最近は赤字でも先行投資を優先させ拡大していくベンチャー企業が目立ちますが、本来は、どの会社であっても最終的には黒字の状態にすることが理想です。
赤字の状態が長い間続くのは好ましくありません。そうはいっても、事業は市況の変化や会社の状態などさまざまな要因で変動するため、常にうまく進むとは限りません。

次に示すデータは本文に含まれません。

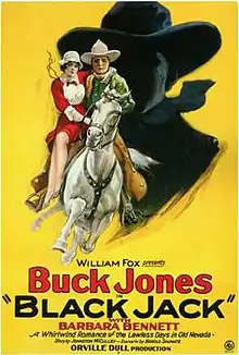 Black Jack is a lost 1927 American silent Western film directed by Orville O. Dull and written by Harold Shumate. The film stars Buck Jones, Barbara Bennett, Theodore Lorch, George Berrell, Harry Cording and William Caress. The film was released on September 25, 1927, by Fox Film Corporation.[1][2][3]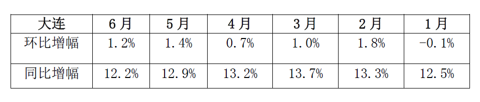 数据来源:国家统计局 根据国家统计局发布的70个大中城市商品住宅销售价格变动情况统计数据,今年4月份,大连新建商品住宅环比增长0.7%、同比增长13.2%,在70城中并不算很靠前。但是5、6月份,环比增速分别为1.4%、1.2%,位居70个大中城市的前10名。 |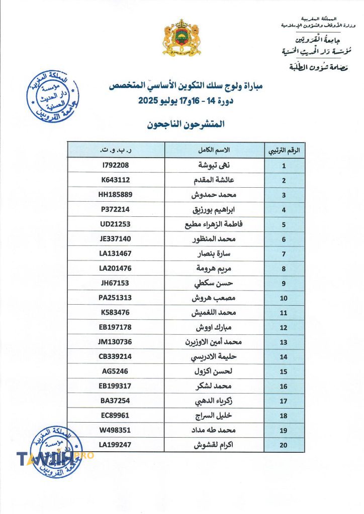 أعلنت دار الحديث الحسنية عن النتائج النهائية لمباراة ولوج سلك التكوين الأساسي المتخصص بدار الحديث الحسنية برسم السنة الجامعية 2025-2026.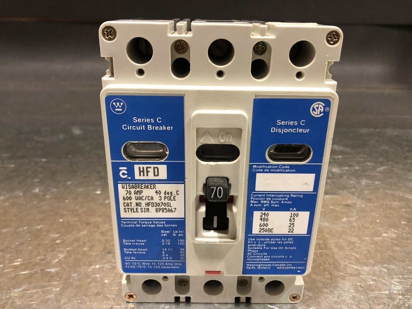 70 Amp, 3 Pole, 600 volts Circuit Breaker HFD3070SL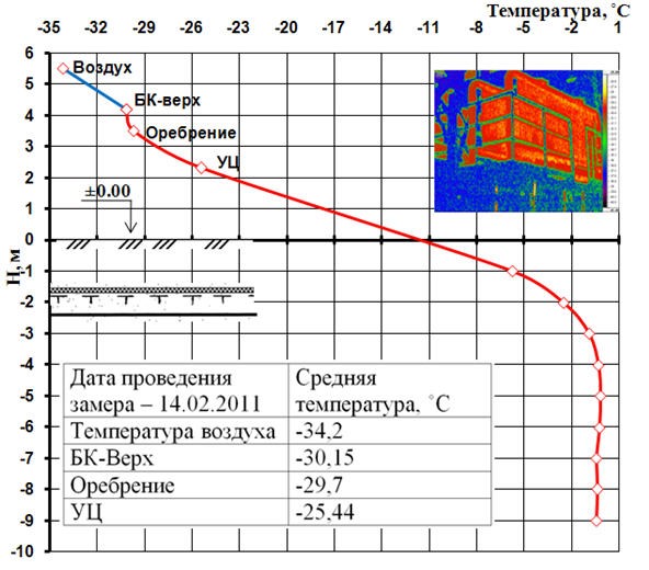 Рис. 7. Результаты тепловизионной диагностики и график распределения температур в системе «грунт – СОУ – воздух» на центральном пункте сбора нефти РВС-2000 Т-4310 А. При температуре наружного воздуха минус 34,2°C температура грунта на вертикальной отметке H = -9 м составляет минус 1,5°C [3]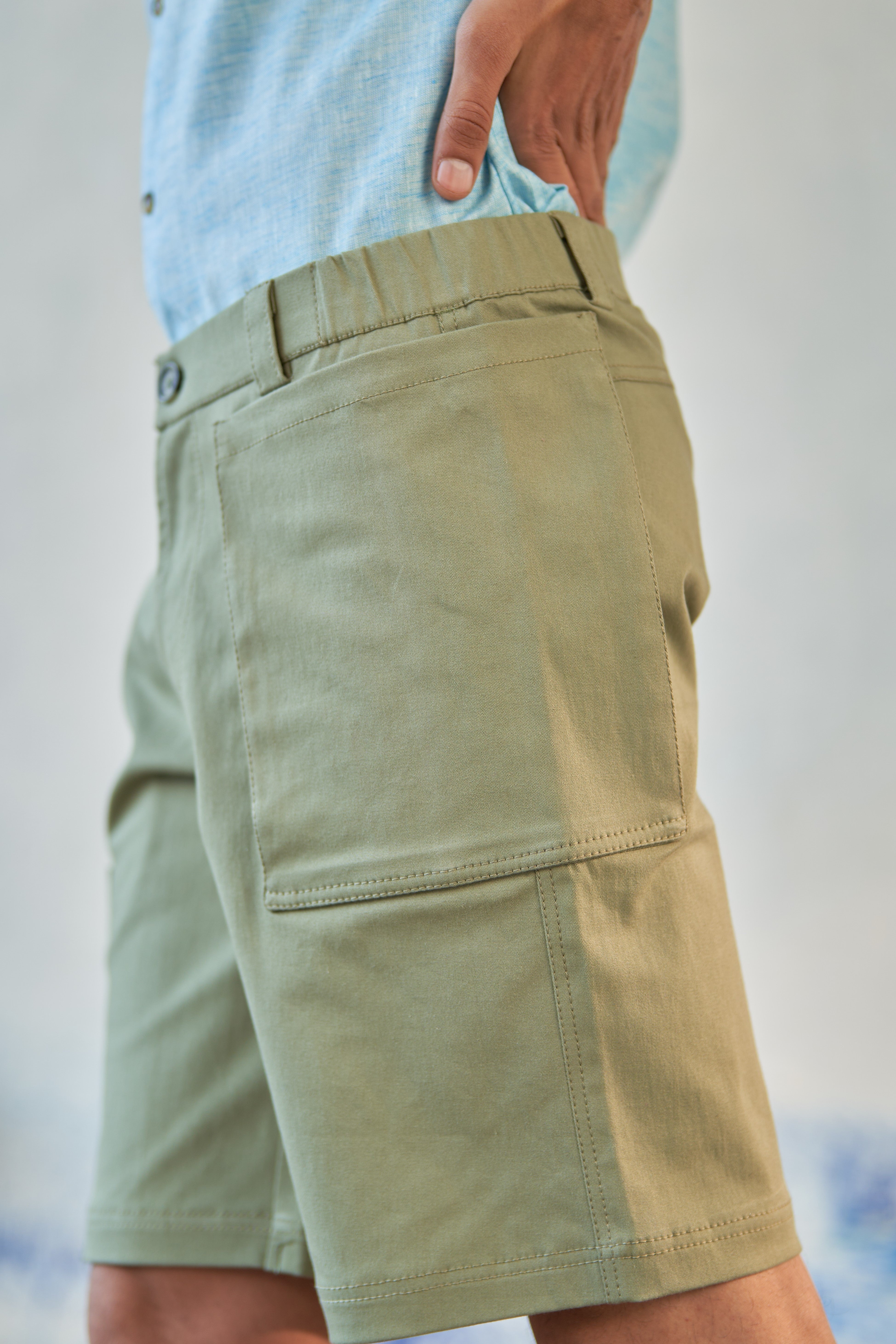Tidal Wave Shorts in a washed green hue, perfect for long journeys. With a half-elasticated waistband for added comfort, and left front patch pockets for extra space and a unique look, these shorts are designed for adventure. Complete with front zip and button fastening, blaze your trail in these must-have shorts.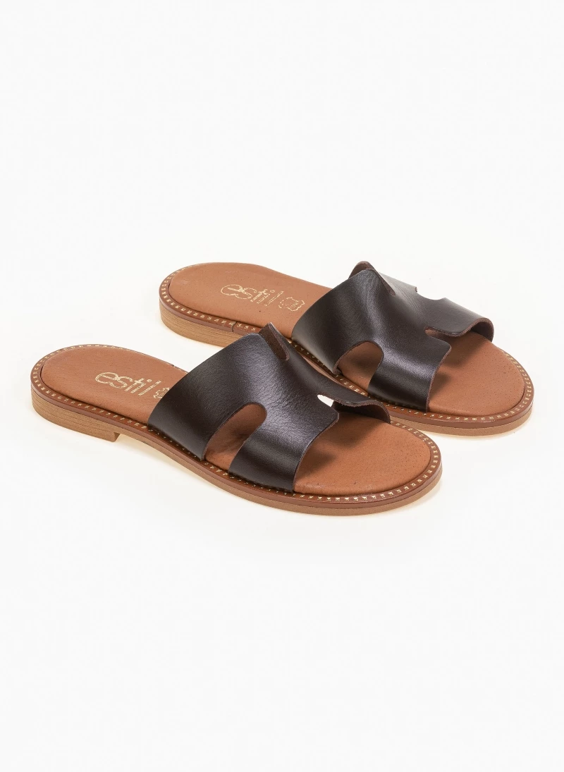 Πολύ καλή προσφορά 🤩 Flash Sale 🤩 Σανδάλια δερμάτινα Estil με ανοίγματα στη φάσα – Καφέ 🌟 👍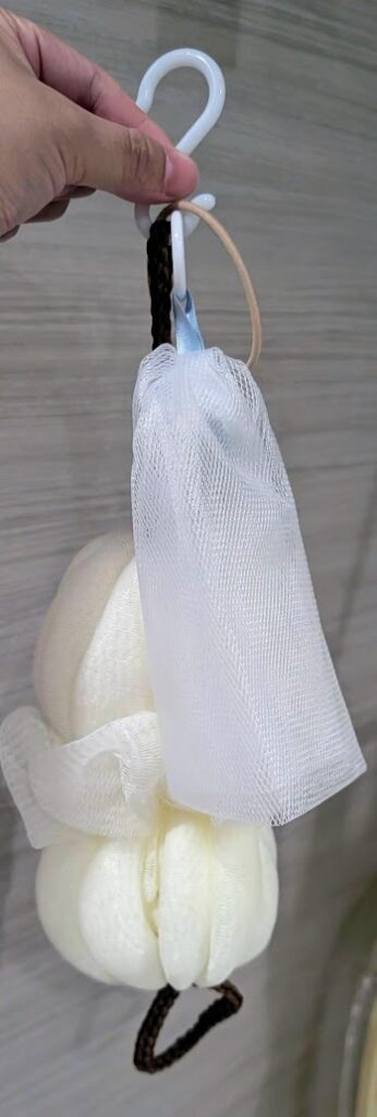 ボディタオルと洗顔用網とヘアゴム(湯船に入るときなどは紙をまとめるため)は別のS字フックでひっかけています。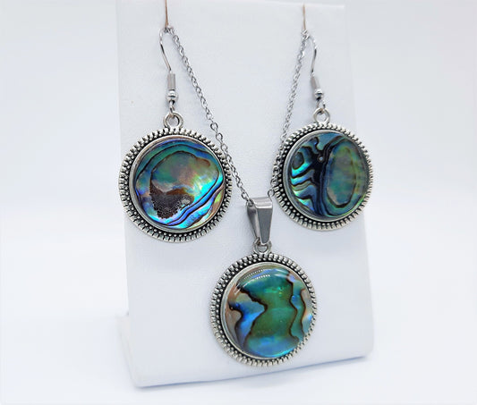 Abalone / Paua Seashell Tibetan Style Pendant Necklace & Earring Set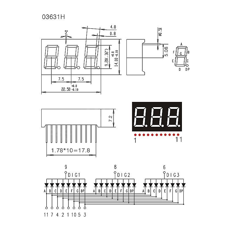 產(chǎn)品名稱0.36英寸 3位數(shù)碼管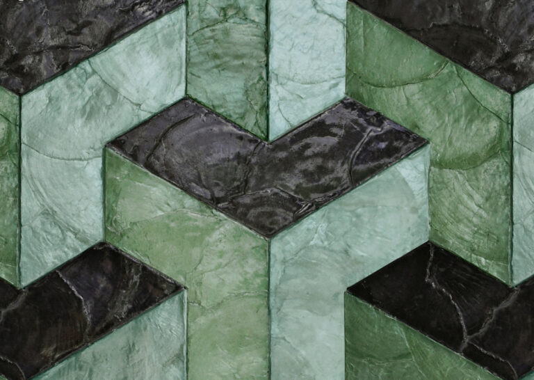 Обои из капиза, устричных раковин, которые раскрашиваются, вырезаются и выкладываются в геометрические узоры вручную. Капиз – настоящий натуральный продукт; каждая раковина уникальна и отличается по цвету и структуре.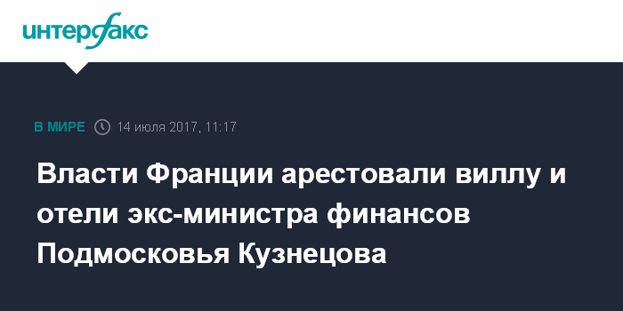 Власти Франции арестовали виллу и отели экс-министра финансов Подмосковья Кузнецова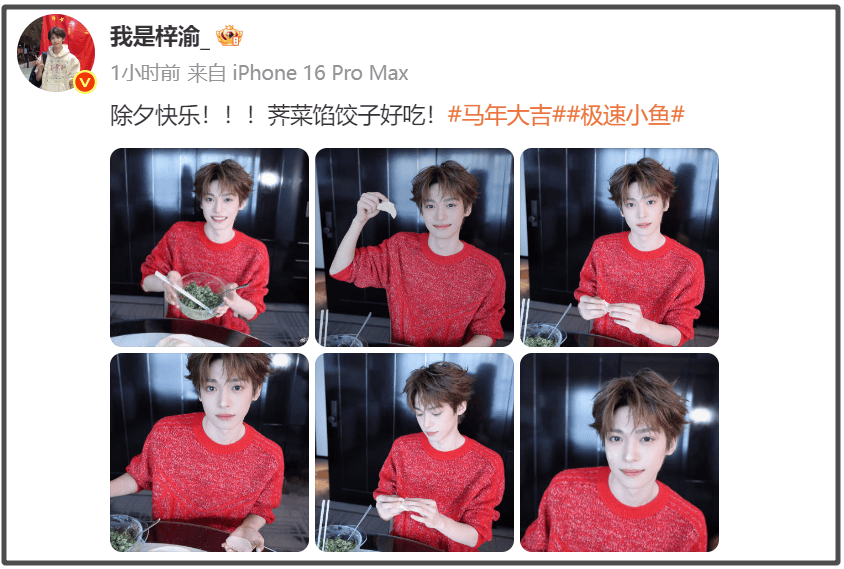 梓渝也晒出包饺子的照片,还发文说荠菜馅的饺子好吃。从和馅到包饺子,梓渝都全过程记录,穿着红毛衣,很有过年的气息。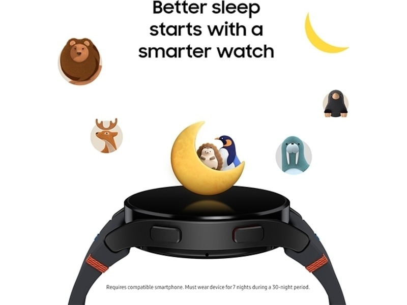 *** Krever Samsung Health-applikasjonsversjon 6.24 eller nyere.** Galaxy Watch FE må være sammenkoblet med en Samsung Galaxy-smarttelefon med Android 11.*** Søvnsporingsfunksjoner er kun ment for generelle velvære- og treningsformål. Ikke beregnet for å påvise sykdom, gi diagnose eller behandling av noen medisinsk tilstand eller søvnforstyrrelse. Målene er kun for din personlige referanse. Ta kontakt med en lege for råd.**** Søvncoaching krever søvndata på minst 7 dager, inkludert 2 dager fri.***** Bilde simulert for illustrative formål. Faktisk UX/UI kan være annerledes.**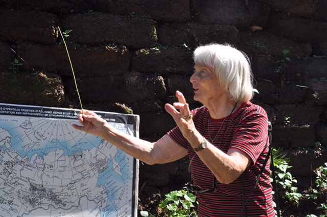 We then drive to a wooded area where we met 86-year-old Irena Spakaliskiene who was the inspiration for the book, BETWEEN SHADES OF GREY. When she was a child, her family was sent to Siberia. She survived all the hardship there. In 1947 she was sent to Lithuania to study fishing techniques. When she arrived, they had lost her registration, so she couldn’t study. Anyone who had been a prisoner in Siberia was looked down upon, so she burned her papers. She worked 12-hour days and still she could not afford bread, so she ate dog food.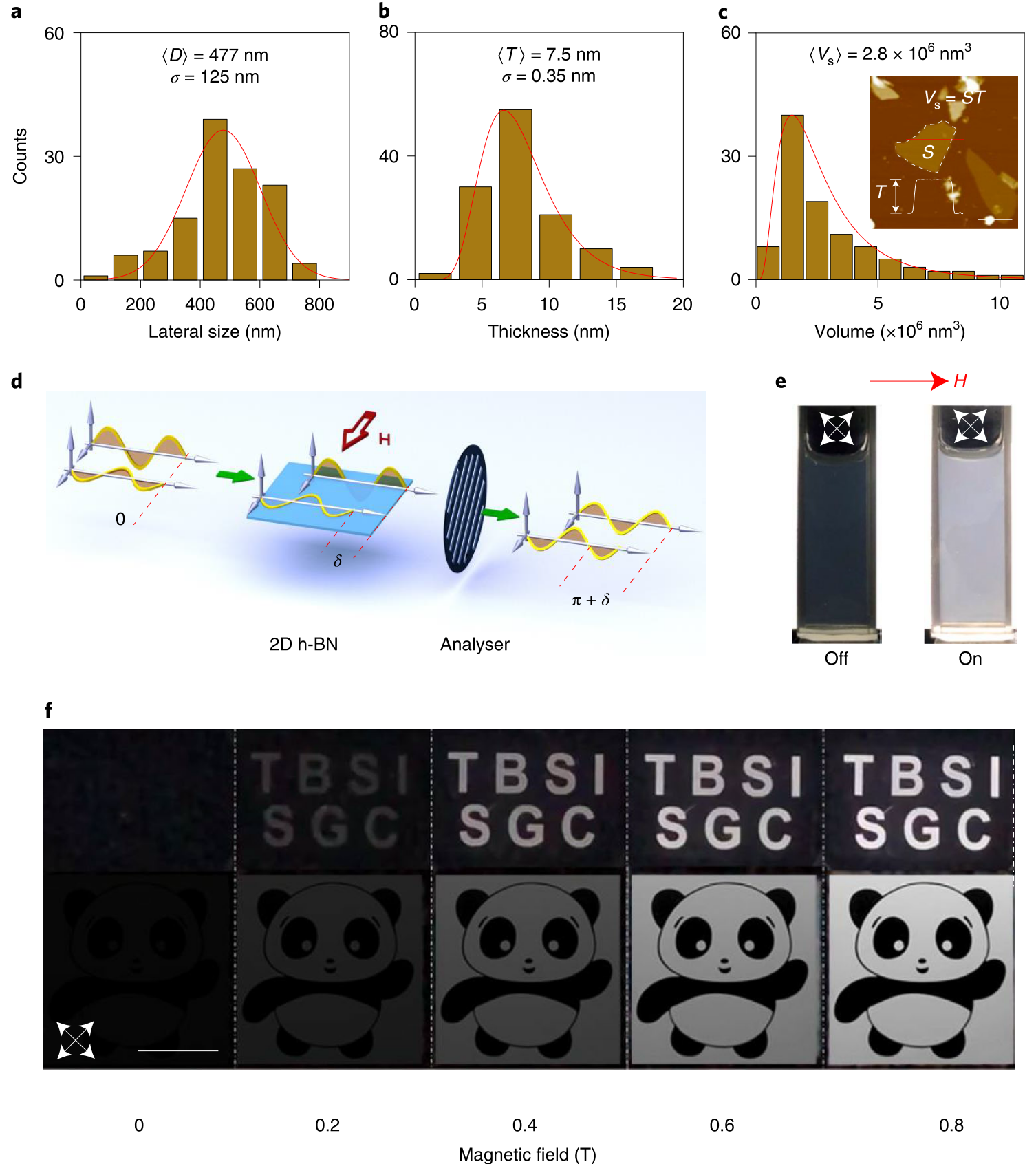 图1. 二维氮化硼无机液晶及其磁致双折射效应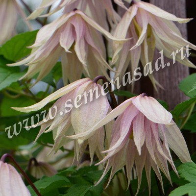 Польский сорт в продаже с лета 2012 г. Цветки всегда махровые - как на прошлогодних побегах, так и на побегах текущего года, относительно крупные для группы Атрагене (диаметром 10-12 см), колокольчикообразные, свешивающиеся, слегка приятно пахнущие грейпфрутом, сидящие на пурпурных цветоножках. Цветки складываются из 4 эллипсообразных, вытянутых, остро заканчивающихся со слегка волнистыми краями чашелистиков, на внешней стороне кремово-розовые, снизу светло-розовые , иногда почти кремового цвета. Цветет в мае и повторяет цветение, но уже менее обильно -летом. Имеет красивые темно-зеленые относительно крупные (до 23 см длиной и 19 см шириной) листья - тройные, тройчатосложенные, с красивой фактурой и зубчатыми краями листочками. Достигает высоты 2 - 3 м. За опоры цепляется листовыми черешками. Морозостоек и неприхотлив.

ここからは会社の立て直しが必要な状態かどうかについて赤字という観点から解説していきます。
赤字会社の数
赤字経営をしている会社はどれくらいあるのでしょうか。
令和3年6月に発表された、国税庁の会社標本調査によると、令和元年度、連結子法人を差し引いた法人数275万8,420社のうち、 欠損法人(赤字の会社)は全体の61.6%である169万1357社にのぼります。
(出典:国税庁「令和元年度分 会社標本調査」)
ここ10年の推移から見て欠損法人の割合は下がっているとはいえ、直近で全体の約3分の2の法人が赤字経営をしていることがわかります。
良い赤字とダメな赤字の違い
赤字経営と聞くとよくないイメージですが、赤字は悪いと一概にはいえません。
赤字になる理由はさまざまです。 黒字を目指していたのに赤字になってしまっている法人もあれば、意図的に赤字にしている法人もあります。
つまり、赤字には良い赤字と良くない赤字があるのです。それぞれにはどのような違いがあるのでしょうか。
いい赤字の例として挙げられるのは、 新事業や既存事業の成長に資金を先行投資して赤字になっている例です。 Amazonはその代表例といえるでしょう。
Amazonは創業以降、システムや人材、広告費などに成長資金を投資してきました。 そのため、赤字となる借り入れも増える一方で、それに比例して売上も増えているのです 。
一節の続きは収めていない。